**EXERCISE DESCRIPTION**
The expected result is a verbatim repetition of the lines from the start of the entries through the line containing "이때는 네이버 서치어드바이저를 통해 URL검사를 시행합니다.", with the pictures removed.

**GIVEN RECORDS**
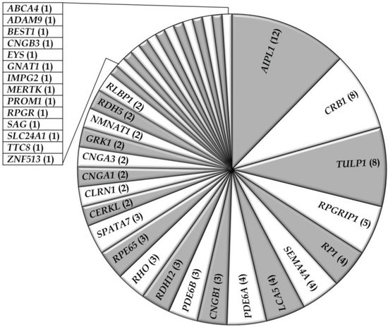 Thus far, fifty-six studies have reported on the genetic causes of non-syndromic RD including arCRD, arCSNB, arLCA, and arRP in Pakistani persons, most of which belong to consanguineous families. The genetic data of a total of 466 Pakistani RD patients from 103 families (Table 1 and Table 2), have been described in the current review. Among these retinal phenotypes, arRP was found to be the most frequently occurring RD (59%), followed by arLCA (19%), arCRD (10%), and arCSNB (9%) (Table 1 and Table 2; Figure 1). Autosomal recessive inheritance seems to predominate in the RD families (96%) and only two autosomal dominant RP (adRP) families have been described (Table 1 and Table 2). Of these, one adRP family carries a mutation in RHO (MIM# 180380) [26], while in one family a frequent variant (c.2138G>A) in SEMA4A (MIM# 607292) has been described to cause adRP, however in silico prediction and exome variant server (EVS) frequency do not support the pathogenicity of the latter variant (Table 2) [27]. The compiled data demonstrate that out of the 132 genes known to be involved in non-syndromic RD, mutations in 36 different genes are causing disease in patients of Pakistani origin (Table 1; Figure 2), reflecting the genetic heterogeneity of the disease in this population. The most frequently mutated genes were AIPL1 (MIM# 604392), CRB1 (MIM# 604210), TULP1 (MIM# 602280), RPGRIP1 (MIM# 605446), RP1 (MIM# 180100), SEMA4A, LCA5 (MIM# 611408), and PDE6A (MIM# 180071) (Figure 2). Most of the reported mutations, and those identified in the current cohort, were novel to this population except for mutations in ABCA4 (MIM# 601691), CRB1, CERKL (MIM# 608381), RPE65 (MIM# 180069), RPGR (MIM# 312610), and SPATA7 (MIM# 609868), which were initially identified in persons of different ethnicity (Table 1). As expected, all the reported disease associated alleles are rare variants and in silico analysis predicted these variants to have a deleterious effect on protein function (Table S1).
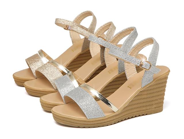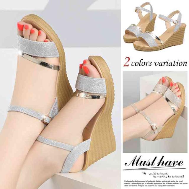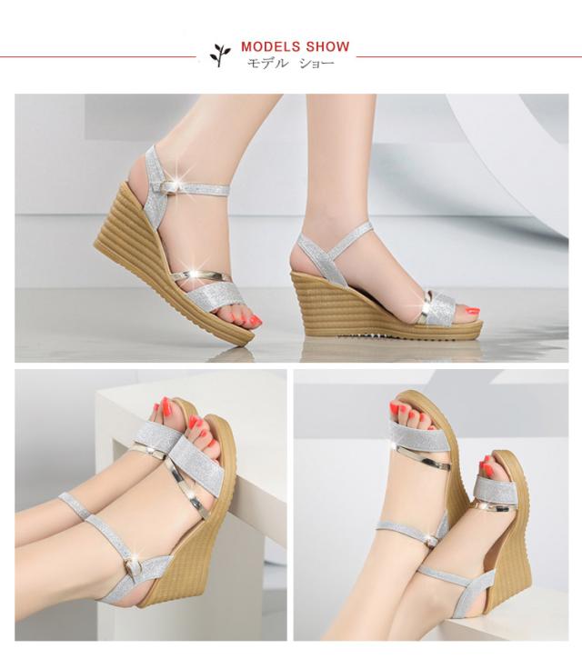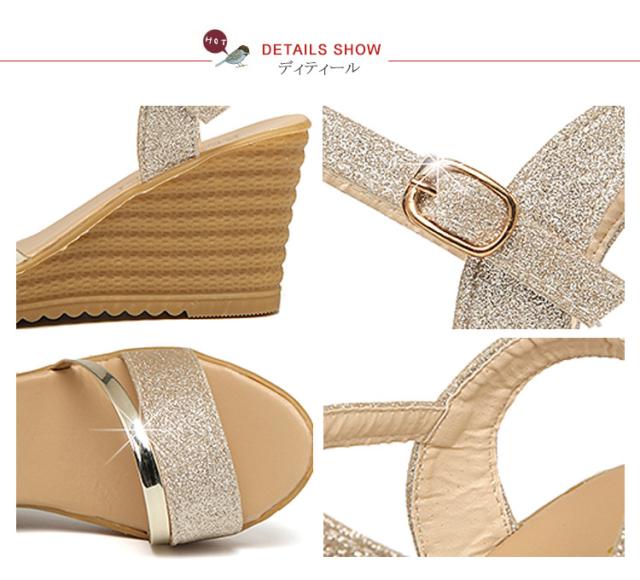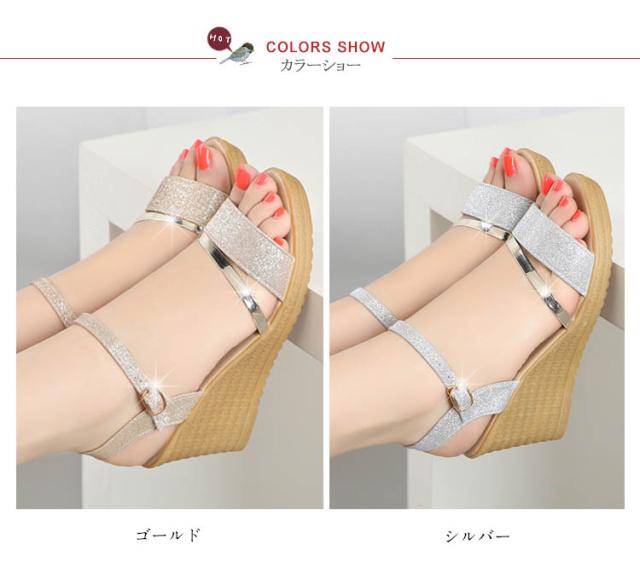 サンダル ウェッジソール レディース ウェッジサンダル 夏 厚底 ウェッジソール サンダル ラメ ストラップサンダル シューズ歩きやすい靴
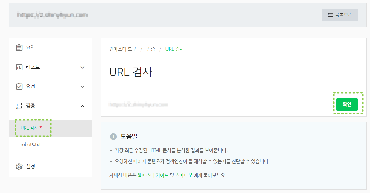 이때는 네이버 서치어드바이저를 통해 URL검사를 시행합니다.
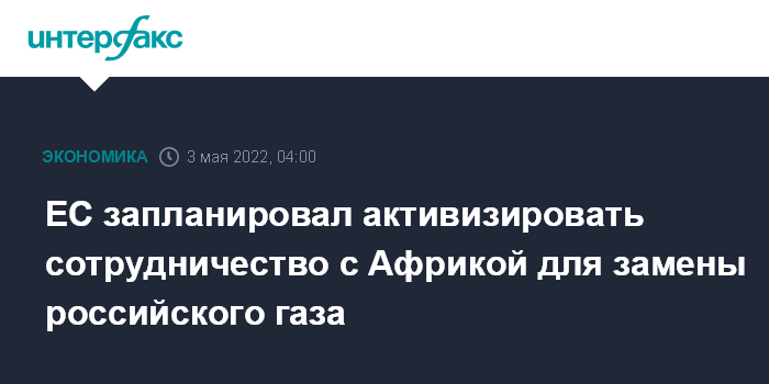 Москва. 3 мая. INTERFAX.RU - Европейский союз будет стремиться активизировать сотрудничество с африканскими странами для замещения импорта российского газа и снижения зависимости от РФ почти на две трети в текущем году, сообщило агентство Bloomberg со ссылкой на имеющийся в ее распоряжении проект документа Евросоюза.
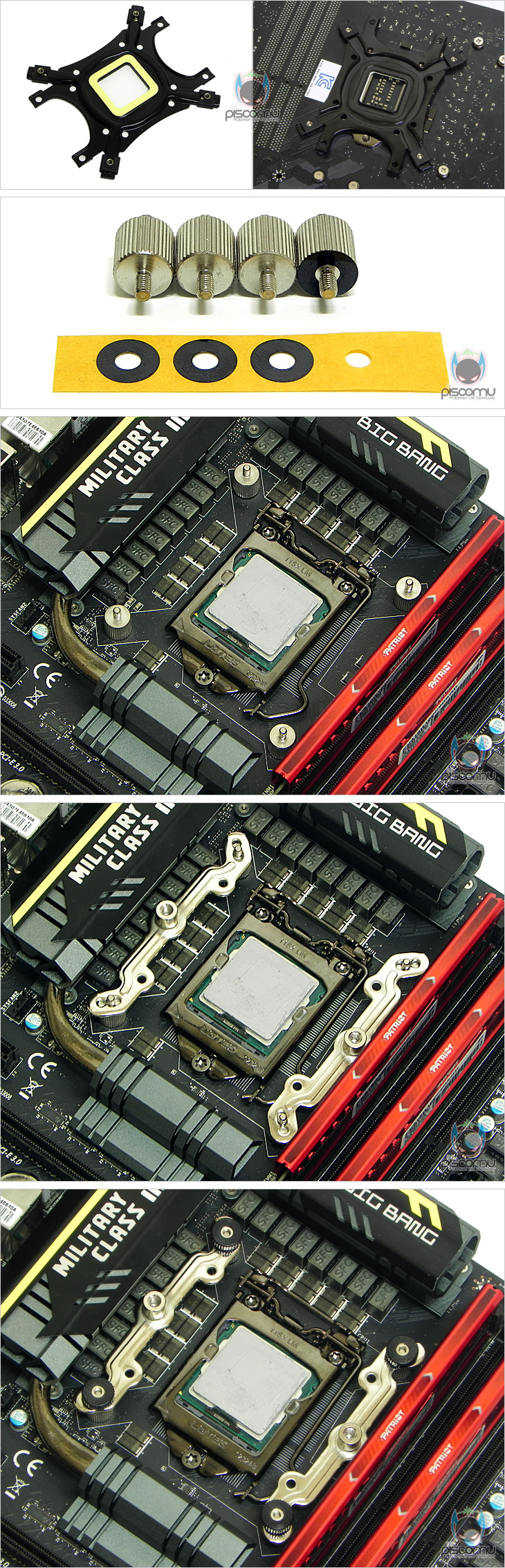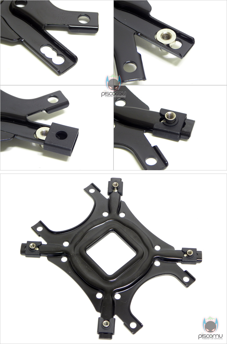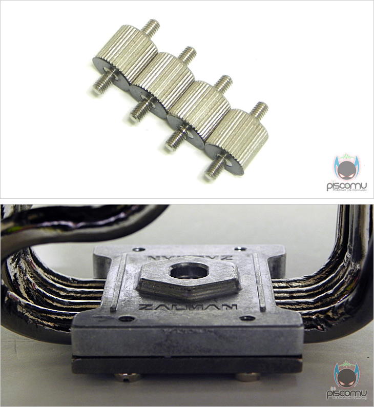 이제, 직접 FX100을 사용해 보겠습니다. 먼저, 장착은 기존의 잘만 쿨러 제품과 큰 차이가 없어, 한 번 잘만 쿨러를 사용해 본 사용자라면, 어렵지 않게 장착할 수 있습니다. 일단, 백플레이트에 자신이 사용하는 프로세서(CPU)에 맞춰 소켓 셋팅을 해줍니다. 먼저, 너트를 끼우고, 그 다음 슬라이드캡으로 고정을 하는 셋팅이 되겠습니다. 그 다음, 양면테이프를 백플레이트에 부착합니다. 나머지 한 면은 떼어내도 되고, 안 떼어내도 되겠습니다. 그 다음 메인보드 후면에서 메인보드 소켓에 맞춘 후, 니플A에 인텔용 와셔를 부착해서 메인보드와 백플레이트를 결합해줍니다. 그 다음, 프로세서(CPU)에 써멀컴파운드를 도포한 후, 클립 지지대를 올리고, 고정너트로 결합해줍니다.
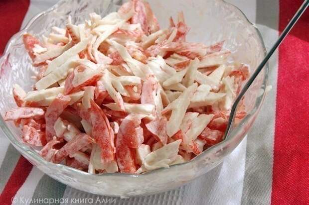 Нарежьте кубиками крабовые палочки. Выложите в салатницу.
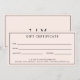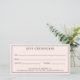 Certificado simples de presente cor-de-rosa com um design moderno e minimalista com uma fronteira. A parte de trás tem seu logotipo inicial de monograma rodeado por uma borda. Todo o texto é preto e pode ser alterado para qualquer cor desejada. Este certificado de presente é excelente para um salão de beleza ou spa, mas o estilo clássico pode ser usado para qualquer negócio.
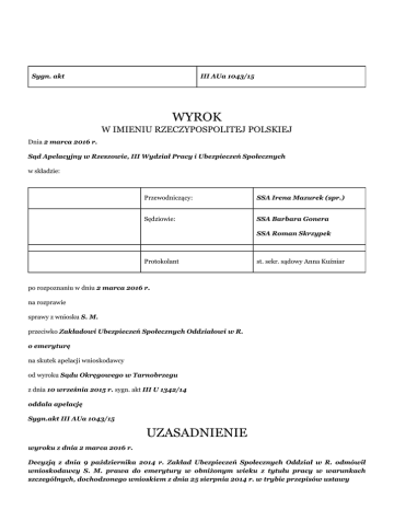 Sygn. akt III AUa 1043/15 WYROK W IMIENIU RZECZYPOSPOLITEJ POLSKIEJ Dnia 2 marca 2016 r. Sąd Apelacyjny w Rzeszowie, III Wydział Pracy i Ubezpieczeń Społecznych w składzie: Przewodniczący: SSA Irena Mazurek (spr.) Sędziowie: SSA Barbara Gonera SSA Roman Skrzypek Protokolant st. sekr. sądowy Anna Kuźniar po rozpoznaniu w dniu 2 marca 2016 r. na rozprawie sprawy z wniosku S. M. przeciwko Zakładowi Ubezpieczeń Społecznych Oddziałowi w R. o emeryturę na skutek apelacji wnioskodawcy od wyroku Sądu Okręgowego w Tarnobrzegu z dnia 10 września 2015 r. sygn. akt III U 1342/14 oddala apelację Sygn.akt III AUa 1043/15 UZASADNIENIE wyroku z dnia 2 marca 2016 r. Decyzją z dnia 9 października 2014 r. Zakład Ubezpieczeń Społecznych Oddział w R. odmówił wnioskodawcy S. M. prawa do emerytury w obniżonym wieku z tytułu pracy w warunkach szczególnych, dochodzonego wnioskiem z dnia 25 sierpnia 2014 r. w trybie przepisów ustawy z dnia 17 grudnia 1998 r. o emeryturach i rentach z Funduszu Ubezpieczeń Społecznych (t.j. Dz. U. z 2013 r., poz. 1440 ze zm.). Powołując w podstawie prawnej decyzji art. 184 w/w ustawy w zw. z § 4 rozporządzenia Rady Ministrów z dnia 7 lutego 1983 r. w sprawie wieku emerytalnego pracowników zatrudnionych w szczególnych warunkach lub w szczególnym charakterze (Dz. U. Nr 8 poz.43 ze zm.) organ rentowy stwierdził , że wnioskodawca nie spełnił wszystkich koniecznych przesłanek nabycia prawa do dochodzonego świadczenia emerytalnego ponieważ nie dowiódł zarówno wymaganego ogólnego stażu ubezpieczeniowego (który w tym wypadku wyniósł 24 lata 11 miesięcy i 22 dni ) jak i okresu kwalifikowanego zatrudnienia. W tym ostatnim przypadku organ rentowy podkreślił bowiem , że – wbrew treści przedłożonego świadectwa wykonywania pracy w warunkach szczególnych- nie można uznać pracy wnioskodawcy na stanowisku technika dentystycznego w Samodzielnym Publicznym ZOZ w K. ( w okresach od 16 stycznia 1977 r. do 22 czerwca 1989 r., od 14 listopada 1989 r. do 24 maja 1990r. oraz od 1 sierpnia 1990 r. do 28 lipca 1991 r. i od 1 września 1991 r. do 31 grudnia 1998 r.) za ten rodzaj kwalifikowanego zatrudnienia ponieważ nie była to praca przy produkcji i przetwórstwie żywic i tworzyw sztucznych przynależna wyłącznie branży chemicznej do której to nie można zaliczyć w/w zakładu pracy . Wnioskodawca S. M. odwołał się od decyzji Zakładu Ubezpieczeń Społecznych do Sądu Okręgowego w Tarnobrzegu i wnosząc o jej zmianę poprzez przyznanie prawa do dochodzonego świadczenia emerytalnego zarzucił , że legitymuje się zarówno 25 letnim okresem składkowymi i nieskładkowym jak też 15 letnim okresem pracy w warunkach szczególnych . Jak naprowadzał bowiem odwołujący do ogólnego stażu ubezpieczeniowego należy jeszcze dodatkowo uwzględnić - jako okres składkowy uzupełniający- okres jego pracy w gospodarstwie rolnym rodziców w czasie wakacji kiedy to był słuchaczem Medycznego Studium Zawodowego w K. (od 1 lipca 1974r. do 31 sierpnia 1974 r.) ,a z kolei gdy idzie o okres pracy w warunkach szczególnych, to wbrew stanowisku ZUS za taki winien być uznany -dowodzony stosownym świadectwem pracy w warunkach szczególnych -okres zatrudnienia w Samodzielnym Publicznym ZOZ w K. na stanowisku technika dentystycznego skoro w zarządzeniu resortowym Ministra Zdrowia i Opieki Społecznej z dnia 12 lipca 1983r. w sprawie prac wykonywanych w szczególnych warunkach w zakładach resortu zdrowia i opieki społecznej ( Dz. Urz. MZiOS Nr 8 poz. 40) w pkt 2 poz. 17 Działu IV Wykazu stanowisko to zostało wprost wymienione. Dodatkowo wnioskodawca powoływał się na wyrok Sądu Apelacyjnego w Rzeszowie zaś 6 marca 2013 r. sygn. akt III AUa 1243/12, którym potwierdzono uprawnienie technika dentystycznego do wcześniejszej emerytury z tytułu pracy w warunkach szczególnych. Zakład Ubezpieczeń Społecznych Oddział w R.- odnosząc się do naprowadzanego w odwołaniu żądania wnioskodawcy uwzględnienia dodatkowego okresu składkowego pracy w gospodarstwie rolnym rodziców w okresie wakacyjnym – kolejną decyzją z dnia 6 listopada 2014 r. ponownie odmówił S. M. prawa do dochodzonej emerytury, podtrzymując swoje dotychczasowe stanowisko o braku zarówno wymaganego okresu ogólnego ubezpieczenia jak i kwalifikowanego zatrudnienia wnioskodawcy ,przy dodatkowym jedynie uzasadnieniu ,iż okres pracy w gospodarstwie rolnym rodziców w okresie wakacji nie może być uwzględniony ponieważ wnioskodawca nie miał wówczas statusu domownika rolnika w rozumieniu przepisów o ubezpieczeniu społecznym rolników. Wnioskodawca S. M. odwołał się i od tej decyzji ZUS , podtrzymując w całości dotychczasowe stanowiska o spełnieniu wszystkich koniecznych przesłanek nabycia prawa do dochodzonego świadczenia emerytalnego. Sprawy z w/w odwołań S. M. zostały przez Sąd Okręgowy w Tarnobrzegu połączone do wspólnego rozpoznania i rozstrzygnięcia w trybie art. 219 k.p.c. Kolejną decyzją z dnia 28 listopada 2014 r. Zakład Ubezpieczeń Społecznych Oddział w R.uchylając uprzednie decyzje z dnia 9 października i 6 listopada 2014 r. - odmówił raz jeszcze wnioskodawcy prawa do emerytury, przyjmując jednak tym razem, że legitymuje się on wymaganym okresem pracy w warunkach szczególnych, niemniej jednak nie dowiódł koniecznego ogólnego okresu ubezpieczenia, przy wcześniejszej argumentacji, iż w okresie wakacyjnym wnioskodawca nie miał statusu domownika rolnika . W odwołaniu od tej decyzji S. M. w szczególności naprowadzał . że ostatnio ukształtowana linia orzecznictwa tak sądów powszechnych jak i Sądu Najwyższego (przy wskazaniu na m.in. wyrok Sądu Apelacyjnego w S. z dnia 31 sierpnia 2006 r. III AUa 397/06 i wyrok Sądu Najwyższego z dnia 19 grudnia 2000 r. II U KN 155/00) przemawia za uznaniem jego pracy w gospodarstwie rolnym rodziców w okresie wakacji za uzupełniający okres składkowy. Na potwierdzenie zaś s

**TASK RESPONSE**
 Thus far, fifty-six studies have reported on the genetic causes of non-syndromic RD including arCRD, arCSNB, arLCA, and arRP in Pakistani persons, most of which belong to consanguineous families. The genetic data of a total of 466 Pakistani RD patients from 103 families (Table 1 and Table 2), have been described in the current review. Among these retinal phenotypes, arRP was found to be the most frequently occurring RD (59%), followed by arLCA (19%), arCRD (10%), and arCSNB (9%) (Table 1 and Table 2; Figure 1). Autosomal recessive inheritance seems to predominate in the RD families (96%) and only two autosomal dominant RP (adRP) families have been described (Table 1 and Table 2). Of these, one adRP family carries a mutation in RHO (MIM# 180380) [26], while in one family a frequent variant (c.2138G>A) in SEMA4A (MIM# 607292) has been described to cause adRP, however in silico prediction and exome variant server (EVS) frequency do not support the pathogenicity of the latter variant (Table 2) [27]. The compiled data demonstrate that out of the 132 genes known to be involved in non-syndromic RD, mutations in 36 different genes are causing disease in patients of Pakistani origin (Table 1; Figure 2), reflecting the genetic heterogeneity of the disease in this population. The most frequently mutated genes were AIPL1 (MIM# 604392), CRB1 (MIM# 604210), TULP1 (MIM# 602280), RPGRIP1 (MIM# 605446), RP1 (MIM# 180100), SEMA4A, LCA5 (MIM# 611408), and PDE6A (MIM# 180071) (Figure 2). Most of the reported mutations, and those identified in the current cohort, were novel to this population except for mutations in ABCA4 (MIM# 601691), CRB1, CERKL (MIM# 608381), RPE65 (MIM# 180069), RPGR (MIM# 312610), and SPATA7 (MIM# 609868), which were initially identified in persons of different ethnicity (Table 1). As expected, all the reported disease associated alleles are rare variants and in silico analysis predicted these variants to have a deleterious effect on protein function (Table S1).
 サンダル ウェッジソール レディース ウェッジサンダル 夏 厚底 ウェッジソール サンダル ラメ ストラップサンダル シューズ歩きやすい靴
 이때는 네이버 서치어드바이저를 통해 URL검사를 시행합니다.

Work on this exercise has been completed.